Print again, word for word, all of the records below, and leave the pictures out.

***** Exercise inputs *****

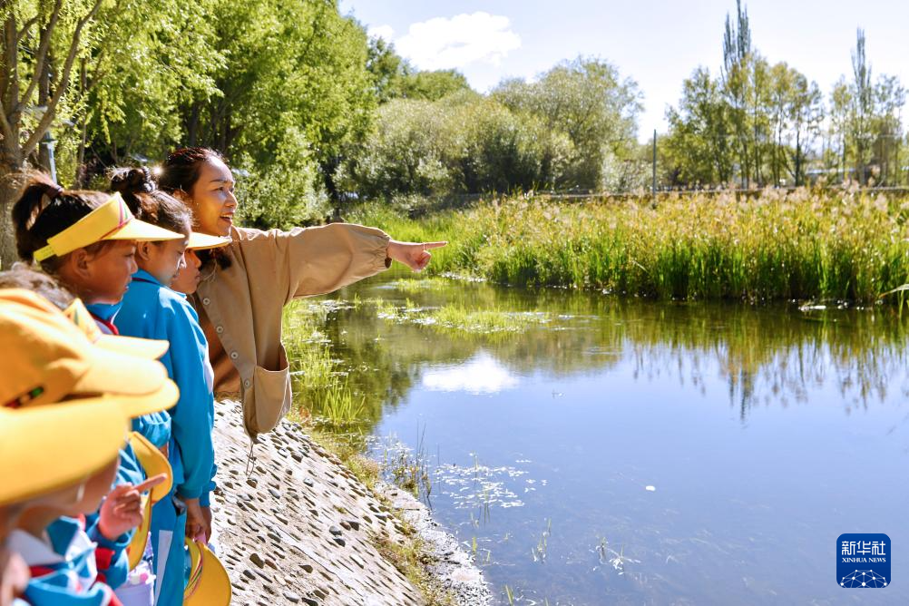 8月15日,拉魯濕地國(guó)家級(jí)自然保護(hù)區(qū)管理局的工作人員為小學(xué)生們進(jìn)行動(dòng)植物科普。
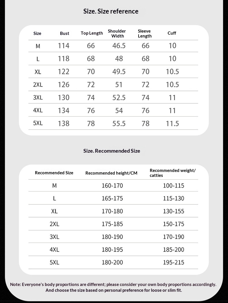 Sizes: M, L, XL, XXL, XXXL, XXXXL, 5XL
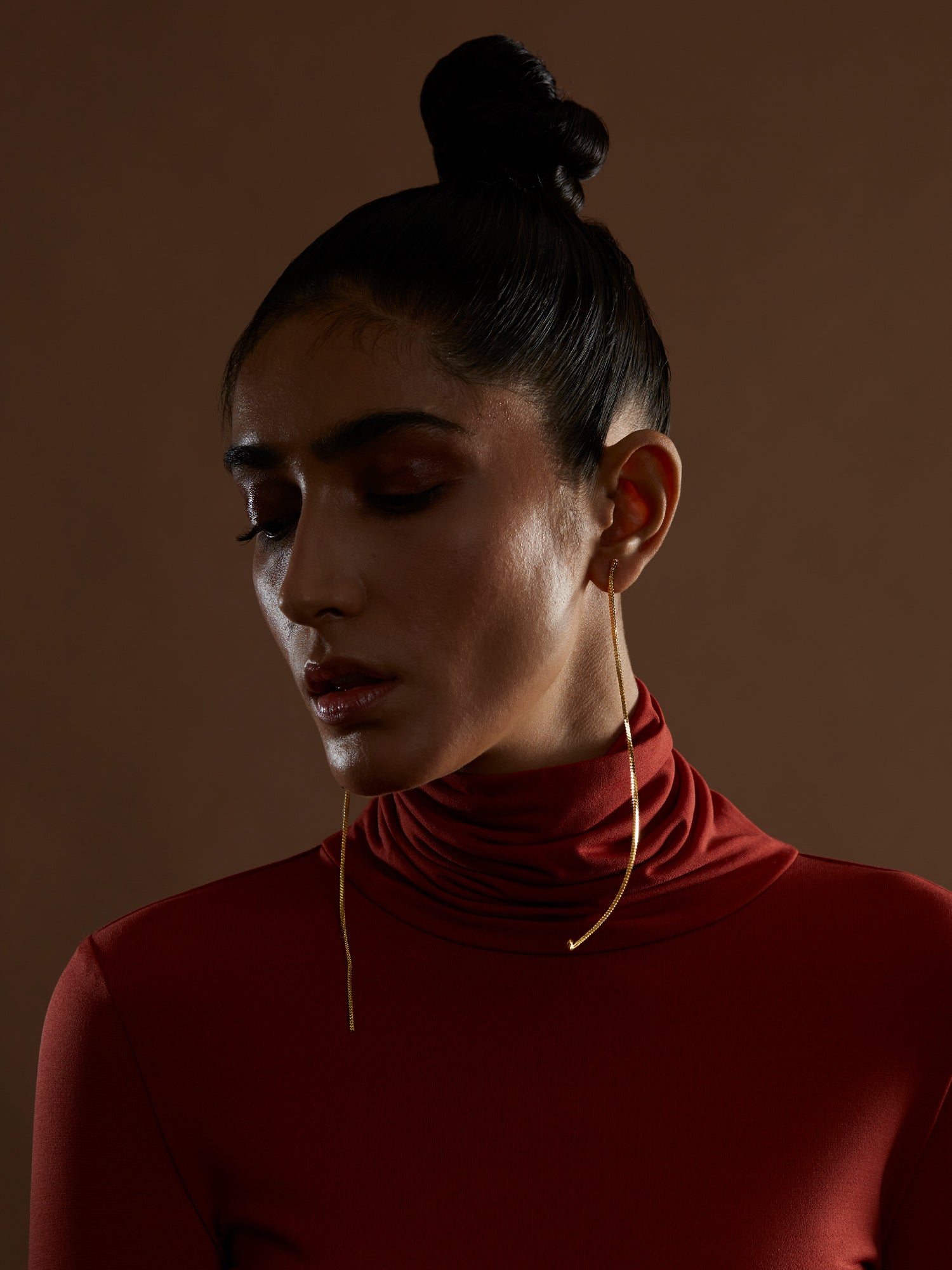 A perfect accomplice to channel your main character energy - Say hello to these showstoppers. Fluid and linear at the same time, these earrings are the definition of 'Bold-minimals'.
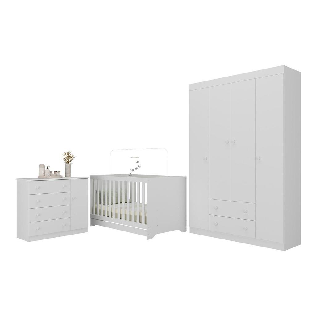 Cada detalhe do Quarto de Bebê Completo com Berço Americano 3 em 1 p/Colchão 130x70cm Multimóveis MP4581 foi pensado para acolher o seu pequeno com amor, conforto e segurança. Um espaço encantador que transmite tranquilidade e transforma os primeiros momentos do bebê em lembranças cheias de ternura. Diferenciais: - 3 anos de garantia contra defeitos de fabricação e material. - Conjunto produzido em madeira de reflorestamento (MDP 12/15mm) com acabamento acetinado (cerca de 20% de brilho): sustentabilidade e durabilidade. - Berço 3 em 1 que se transforma em sofá e minicama, acompanhando o crescimento do bebê. - Lastro em madeira com 3 regulagens de altura e suporte para mosquiteiro para noites mais tranquilas e protegidas. - Grade Soft (PVC): ecologicamente correta, com matéria-prima livre de metais pesados, atóxica e com proteção antiamarelamento. - Berço certificado pelo INMETRO (Selo nº 0000085/2018). - Padrão americano (tamanho do colchão indicado: 130x70cm). Colchão não incluso. - Guarda-roupa com 4 portas e 2 gavetas: amplo espaço para organizar roupinhas e acessórios. - Cômoda com 1 porta e 4 gavetas. - Corrediças telescópicas: abertura total e silenciosa das gavetas. - Cabideiro em alumínio: permite acomodar roupas longas e curtas para que não amassem. - Puxadores em ABS delicados e práticos. - Rodapés: visual elegante para o guarda-roupa e a cômoda. - Sistema antitombamento no guarda-roupa e cômoda: proporciona segurança para o bebê e tranquilidade aos pais. Conteúdo da Embalagem: 1 (um) Berço 1 (um) Guarda-roupa 1 (uma) Cômoda Manual de Montagem Kit Ferragem Dimensões do Produto Montado: Berço - Altura: 80,5cm | Largura: 133cm | Profundidade: 77,5cm Guarda-roupa - Altura: 184cm | Largura: 122cm | Profundidade: 41cm Cômoda - Altura: 83cm | Largura: 95cm | Profundidade: 42cm *Você pode consultar as medidas detalhadas na imagem técnica do produto. Observações Importantes: *As cores dos produtos podem sofrer variações de tonalidade de acordo com as configurações do seu dispositivo. *Aqui na Loja Multimóveis, você pode concluir sua compra facilmente com toda segurança. A entrega é garantida e você está em 1° lugar. *Imagens meramente ilustrativas (decoração não inclusa). *Os produtos serão entregues desmontados e não disponibilizamos o serviço de montagem.
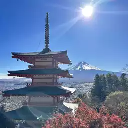 Arakurayama Sengen Park has a beautiful pagoda, and there is a photo spot to catch both the pagoda and Mount Fuji. However, you have to climb almost 400 steps to get to the top where the pagoda is.
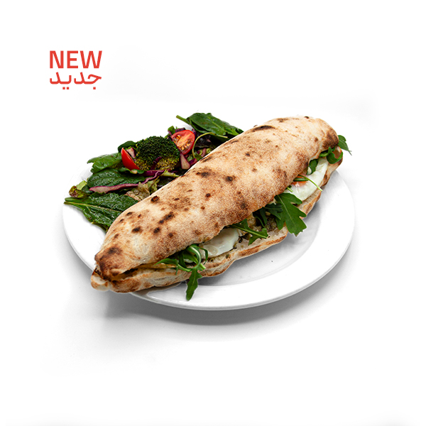 نان خمیر ترش / سینه مرغ گریل شده / سس پستو / پنیر گودا /موزارلا رنده/ دورچین
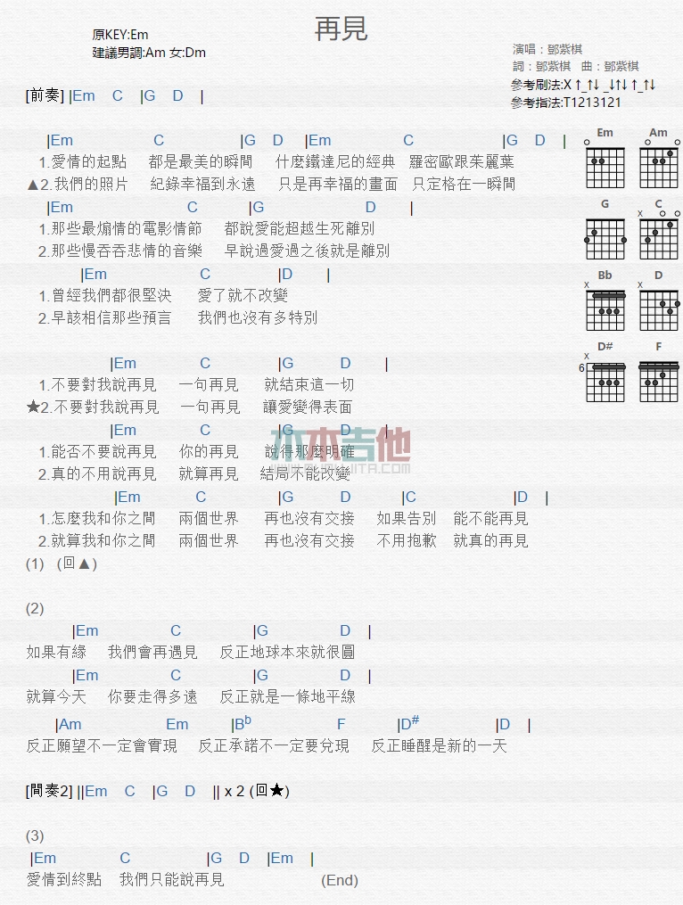 再见吉他谱 - 邓紫棋 - 吉他弹唱谱

*****

Result of this task:
 8月15日,拉魯濕地國(guó)家級(jí)自然保護(hù)區(qū)管理局的工作人員為小學(xué)生們進(jìn)行動(dòng)植物科普。
 Sizes: M, L, XL, XXL, XXXL, XXXXL, 5XL
 A perfect accomplice to channel your main character energy - Say hello to these showstoppers. Fluid and linear at the same time, these earrings are the definition of 'Bold-minimals'.
 Cada detalhe do Quarto de Bebê Completo com Berço Americano 3 em 1 p/Colchão 130x70cm Multimóveis MP4581 foi pensado para acolher o seu pequeno com amor, conforto e segurança. Um espaço encantador que transmite tranquilidade e transforma os primeiros momentos do bebê em lembranças cheias de ternura. Diferenciais: - 3 anos de garantia contra defeitos de fabricação e material. - Conjunto produzido em madeira de reflorestamento (MDP 12/15mm) com acabamento acetinado (cerca de 20% de brilho): sustentabilidade e durabilidade. - Berço 3 em 1 que se transforma em sofá e minicama, acompanhando o crescimento do bebê. - Lastro em madeira com 3 regulagens de altura e suporte para mosquiteiro para noites mais tranquilas e protegidas. - Grade Soft (PVC): ecologicamente correta, com matéria-prima livre de metais pesados, atóxica e com proteção antiamarelamento. - Berço certificado pelo INMETRO (Selo nº 0000085/2018). - Padrão americano (tamanho do colchão indicado: 130x70cm). Colchão não incluso. - Guarda-roupa com 4 portas e 2 gavetas: amplo espaço para organizar roupinhas e acessórios. - Cômoda com 1 porta e 4 gavetas. - Corrediças telescópicas: abertura total e silenciosa das gavetas. - Cabideiro em alumínio: permite acomodar roupas longas e curtas para que não amassem. - Puxadores em ABS delicados e práticos. - Rodapés: visual elegante para o guarda-roupa e a cômoda. - Sistema antitombamento no guarda-roupa e cômoda: proporciona segurança para o bebê e tranquilidade aos pais. Conteúdo da Embalagem: 1 (um) Berço 1 (um) Guarda-roupa 1 (uma) Cômoda Manual de Montagem Kit Ferragem Dimensões do Produto Montado: Berço - Altura: 80,5cm | Largura: 133cm | Profundidade: 77,5cm Guarda-roupa - Altura: 184cm | Largura: 122cm | Profundidade: 41cm Cômoda - Altura: 83cm | Largura: 95cm | Profundidade: 42cm *Você pode consultar as medidas detalhadas na imagem técnica do produto. Observações Importantes: *As cores dos produtos podem sofrer variações de tonalidade de acordo com as configurações do seu dispositivo. *Aqui na Loja Multimóveis, você pode concluir sua compra facilmente com toda segurança. A entrega é garantida e você está em 1° lugar. *Imagens meramente ilustrativas (decoração não inclusa). *Os produtos serão entregues desmontados e não disponibilizamos o serviço de montagem.
 Arakurayama Sengen Park has a beautiful pagoda, and there is a photo spot to catch both the pagoda and Mount Fuji. However, you have to climb almost 400 steps to get to the top where the pagoda is.
 نان خمیر ترش / سینه مرغ گریل شده / سس پستو / پنیر گودا /موزارلا رنده/ دورچین
 再见吉他谱 - 邓紫棋 - 吉他弹唱谱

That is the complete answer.